Последний поклон — страница 149 из 169

Бабушка сидела на скамейке возле подслеповатого кухонного окна и сматывала нитки на клубок.

Я замер у двери.

Буря пролетела над землей! Смешались и перепутались миллионы человеческих судеб, исчезли и появились новые государства, фашизм, грозивший роду человеческому смертью, подох, а тут как висел настенный шкафик из досок и на нем ситцевая занавеска в крапинку, так и висит; как стояли чугунки и синяя кружка на припечке, так они и стоят; как торчали за настенной дощечкой вилки, ложки, ножик, так они и торчат, только вилок и ложек мало, ножик с обломанным носком, и не пахло в кути квашонкой, коровьим пойлом, вареными картошками, а так все как было, даже бабушка на привычном месте, с привычным делом в руках.

– Што ж ты стоишь, батюшко, у порога? Подойди, подойди! Перекрешшу я тебя, милово. У меня в ногу стрелило… Испужаюсь или обрадуюсь – и стрельнет…

И говорила бабушка привычное, привычным, обыденным голосом, ровно бы я, и в самом деле, отлучался в лес или на заимку к дедушке сбегал и вот возвратился, лишку подзадержавшись.

– Я думал, ты меня не узнаешь.

– Да как же не узнаю?
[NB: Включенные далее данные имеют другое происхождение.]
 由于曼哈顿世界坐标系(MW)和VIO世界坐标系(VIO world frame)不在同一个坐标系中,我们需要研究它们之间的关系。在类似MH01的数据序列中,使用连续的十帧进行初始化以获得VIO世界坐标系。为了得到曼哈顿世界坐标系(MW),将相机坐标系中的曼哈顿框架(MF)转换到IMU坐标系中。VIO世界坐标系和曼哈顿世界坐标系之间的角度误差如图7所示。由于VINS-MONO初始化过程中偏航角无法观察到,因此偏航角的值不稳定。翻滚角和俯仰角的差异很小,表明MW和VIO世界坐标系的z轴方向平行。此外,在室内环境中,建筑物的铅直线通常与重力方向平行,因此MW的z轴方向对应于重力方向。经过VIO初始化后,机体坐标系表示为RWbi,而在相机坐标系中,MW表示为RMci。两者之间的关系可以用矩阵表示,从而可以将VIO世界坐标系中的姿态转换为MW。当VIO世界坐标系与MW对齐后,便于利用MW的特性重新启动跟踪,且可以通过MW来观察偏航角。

Что ты, Бог с тобой!

Я оправил гимнастерку, хотел вытянуться и гаркнуть заранее придуманное: «Здравия желаю, товарищ генерал!»

Да какой уж тут генерал!

Бабушка сделала попытку встать, но ее шатнуло, и она ухватилась руками за стол. Клубок скатился с ее колен, и кошка не выскочила из-под скамьи на клубок. Кошки не было, оттого и по углам проедено.
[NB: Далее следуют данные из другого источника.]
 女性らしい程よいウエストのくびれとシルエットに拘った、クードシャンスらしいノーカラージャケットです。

– Остарела я, батюшко, совсем остарела… Ноги… Я поднял клубок и начал сматывать нитку, медленно приближаясь к бабушке, не спуская с нее глаз.
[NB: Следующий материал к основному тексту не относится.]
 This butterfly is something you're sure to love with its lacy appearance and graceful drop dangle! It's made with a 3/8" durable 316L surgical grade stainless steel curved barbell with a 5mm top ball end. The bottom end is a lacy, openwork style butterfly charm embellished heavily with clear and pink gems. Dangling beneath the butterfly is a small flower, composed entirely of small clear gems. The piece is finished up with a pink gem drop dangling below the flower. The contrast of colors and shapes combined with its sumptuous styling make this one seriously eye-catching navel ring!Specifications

Какие маленькие сделались у бабушки руки! Кожа на них желта и блестит, что луковая шелуха. Сквозь сработанную кожу видна каждая косточка. И синяки. Пласты синяков, будто слежавшиеся листья поздней осени. Тело, мощное бабушкино тело уже не справлялось со своей работой, не хватало у него силы заглушить и растворить кровью ушибы, даже легкие. Щеки бабушки глубоко провалились. У всех у наших вот так будут в старости проваливаться лунками щеки. Все мы в бабушку, скуласты, все с круто выступающими костями.

– Што так смотришь? Хороша стала? – попыталась улыбнуться бабушка стершимися, впалыми губами.

Я бросил клубок и сгреб бабушку в беремя.

– Живой я остался, бабонька, живой!..

– Молилась, молилась за тебя, – торопливо шептала бабушка и по-птичьи тыкалась мне в грудь. Она целовала там, где сердце, и все повторяла: – Молилась, молилась…

– Потому я и выжил.

– А посылку, посылку-то получил ли?

Время утратило для бабушки свои определения. Границы его стерлись, и что случилось давно, ей казалось, было совсем недавно; из сегодняшнего же многое забывалось, покрывалось туманом тускнеющей памяти.

В сорок втором году, зимою, проходил я подготовку в запасном полку, перед самой отправкой на фронт. Кормили нас из рук вон плохо, табаку и совсем не давали. Я стрелял курить у тех солдат, что получали из дому посылки, и пришла такая пора, когда мне нужно было рассчитываться с товарищами.

После долгих колебаний я попросил в письме прислать мне табаку.

Задавленная нуждой Августа отправила в запасной полк мешочек самосада. В мешочке оказались еше горсть мелко нарезанных сухарей и стакан кедровых орехов. Этот гостинец – сухаришки и орехи – собственноручно зашила в мешочек бабушка.

– Дай-кось я погляжу на тебя.

Я послушно замер перед бабушкой. На дряхлой щеке ее осталась и не сходила вмятина от Красной Звезды – по грудь мне сделалась бабушка. Она оглаживала, ощупывала меня, в глазах ее стояла густою дремою память, и глядела бабушка куда-то сквозь меня и дальше.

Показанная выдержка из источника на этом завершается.